12/01/2008

Catch a Titan by the Toe

"Tanksgiving Weekend" is over and the Imperials came out on top at the local GW store, despite the opposing side's best efforts, recycling their tanks, and attacks from other stores around the country. The Judicum Divinia, my Warlord Titan, once again wound up face down on the table, -- no, not because of it's construction, because of enemy fire-- but no apocalyptic explosion for her. Regrettably, the much anticipated face off with my buddy cyborgtrucker's BaneLord never happened. I'm thinking Grandfather Nurgle didn't like his pursuit of things Khorne and visited him with a sinus headache per his own blog.

I had the pleasure of playing across from not only my son, who's Chaos baneblade nearly singlehandedly blew away my Titan, not only next to my friend Cain who's tank line remained pristine until the last turn and killed much Tau filth, but across from another guy named Mike who, frankly, looks like a retired Space Wolf and clearly has a passion for all things Orky. I'm kicking myself for not getting shots of his work, but any Ork Horde that rapes the Tau for their vehicles and nails tank treads to them has my vote for Warboss!

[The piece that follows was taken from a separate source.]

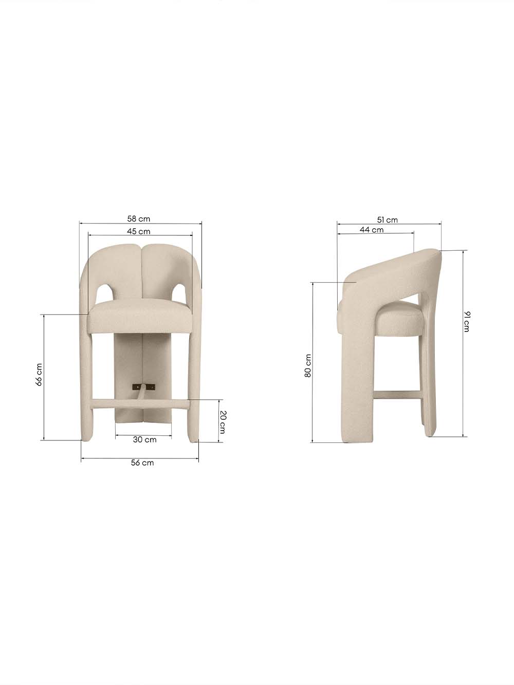 Išoriniai baldo matmenys: plotis / gylis / aukštis, cm: 58 / 51 / 91.

At this Tanksgiving weekend, GW stores from across the country could attack one another's tables. While we accosted no one, the repeated highlight of the day was the pregnant pause on the phone when other stores attacking us learned they'd have a Warlord Titan's apocalyptic missle launcher to contend with. The Divinia killed many Basilisk tanks and crews nation wide. The Detroit store in particular felt our wrath as they couldn't seem to leave Philly alone. The Philly store called up and asked for help. So my Titan missiled Detroit, Cain's and my Vultures flew over there and strafed their tables and Mike used a strategic asset to drop a boulder on their lines from orbit. That pretty much ended the store to store attacks.

After absorbing more fire than probably even the modified event rules should have allowed, my Warlord was taken out by the toe, literally. An ork vehicle piloted recklessly and bravely by Mike's daughter crashed it's deathroller right into the middle toe of my titan and easily claimed its last structure point. Awesome!! My Inquisitorial Chimera once again put the fear of the Emperor into it foes, ramming an Ork battlewagon -- I didn't realize it was a battlewagon -- and taking a toll with it's autogun turret, coming through unscathed once again! But the icing on this cake is that my Space Wolves Predator gets a Monolith silhouette on it. I know it wasn't a "real" game of 40K, but that little under-armored tank killed more than it's share including the Monolith bearing down on it.

All around a great event!

1 comment:

  1. Sorry Dave. Pain won out over fun. But you drop me a line and you, your son and I can get together for a Titan face-off. I'll even run a bottle brush through my sinuses just to be on the safe side that day!